F) Recommendations Roadmap

Now (1-3 days)

  1. Harden ingest identity provenance: JWT signature verification + per-key principal IDs.
  2. Add/persist deterministic correlation fields (run_id, request_id) in sync records.
  3. Enable and ingest SN outbound evidence at elevated.

Next (1-2 weeks)

  1. Replace in-memory queue/dedupe with persisted retry-safe run state.
  2. Implement run manifest schema and stage hash chaining.
  3. Split append-only execution evidence from summary rollups.

Later

  1. Full execution graph with trace propagation across SN/Azure/Fabric.
  2. Detached signatures + immutable/WORM evidence archive.
  3. Independent verifier service for run truth reconstruction.

G) If You Only Fix 3 Things

  1. ServiceNow outbound runtime evidence (sys_outbound_http_log at elevated) and ingest it.
  2. Signed run manifests + end-to-end correlation propagation (run_id, trace_id, hash chain).
  3. Identity provenance hardening at ingest (verified JWT, unique caller identity, immutable submitter fields).

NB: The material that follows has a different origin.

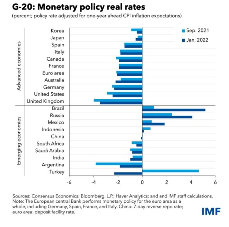 Algunas economías emergentes y en desarrollo ya se han visto obligadas a combatir la inflación elevando las tasas de interés. Y el pivote de la política en las economías avanzadas puede requerir un endurecimiento adicional en una gama más amplia de países. En ese marco, el FMI marca el atraso de las tasas reales en la Argentina, en línea con uno de los ejes del acuerdo que negocia Martín Guzmán.

Validation Inputs Still Required

To convert remaining hypotheses into verified findings:

  1. ServiceNow logging/retention/ACL config snapshot for outbound/runtime tables.
  2. Azure diagnostics configuration and receipt logs for ingress/compute/storage.
  3. Fabric pipeline/job/lakehouse audit logs and partition naming standards.
  4. One complete real run packet with timestamps/IDs/artifact pointers/hashes across all hops.